George Hall (named in honor of the military order of George the Victor) is decorated with statues (works by I. P. Vitali) representing regions incorporated by Russia, bas reliefs (sculptor P. K. Klodt) with representations of George the Victor defeating the dragon, and marble plates with the names of the chevaliers of the Order of George and military units that have distinguished themselves. Before 1917 the Great Kremlin Palace was the Moscow residence of the Russian emperors and was used for formal receptions.

After the Great October Revolution and the transfer of the capital of the Soviet state to Moscow (March 1918), the former Andrew Hall of the Great Kremlin Palace was used for sessions of the highest Soviet and Party bodies and congresses of the Comintern. Here Lenin spoke many times as did other prominent figures of the Communist Party and the Soviet state and of the international Communist and workers’ movement.
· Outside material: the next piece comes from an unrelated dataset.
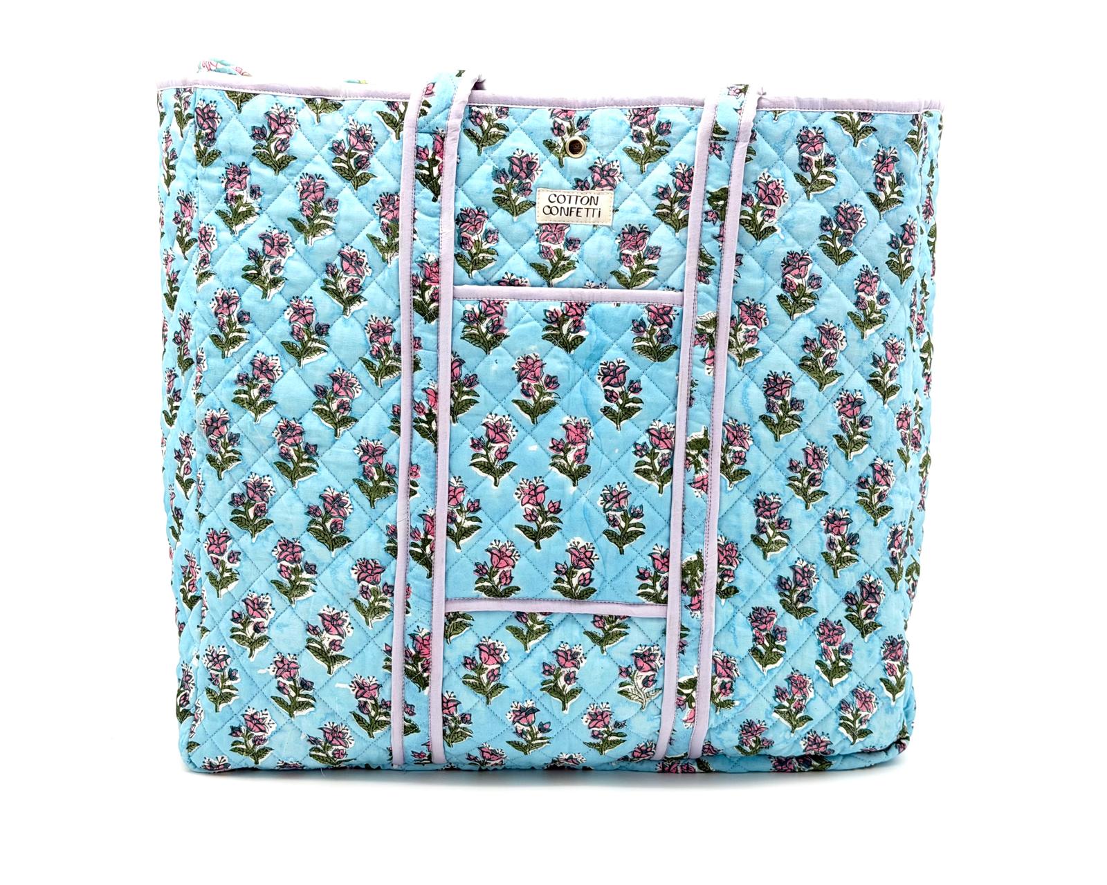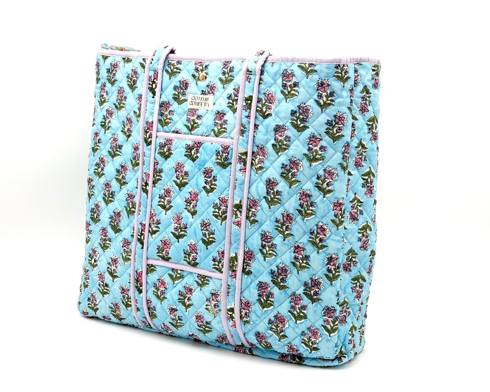 A beautiful blend of sky blue and lilac hues, with pink trims and reversible floral lilac print inside. This bag is designed to last for life. Discover our blend of sturdy structure, soft fabrics and bold prints with our perfectly sized, reversible tote. From farmers market visits to that much needed errand run, a stroll around the city, a weekend getaway, or workout session – it's got you covered. The only challenge? Deciding which of its awesome, reversible prints to show off today :)

In 1933–34, the adjoining Andrew and Alexander halls were converted, upon the plan of the architect I. A. Ivanov-Shits, into the 2,500–seat Hall of Assembly, forming the palace’s largest hall. The center of its architectural composition is a monumental statue of Lenin (by the sculptor S. D. Merkurov). On Dec. 5, 1936, the USSR Constitution was adopted in this hall, at the Extraordinary Eighth Congress of Soviets of the USSR. The Hall of Assembly is used for sessions of the Supreme Soviets of the USSR and RSFSR, ail-Union conferences of industrial and agricultural workers, and congresses of the creative unions; diplomatic and government receptions are also held here. The fourteenth, fifteenth, and seventeenth through twenty-first congresses of the Communist Party were held in the Great Kremlin Palace.

REFERENCE

Khudozhstvennye pamiatniki Moskovskovo Kremlia. Moscow, 1956.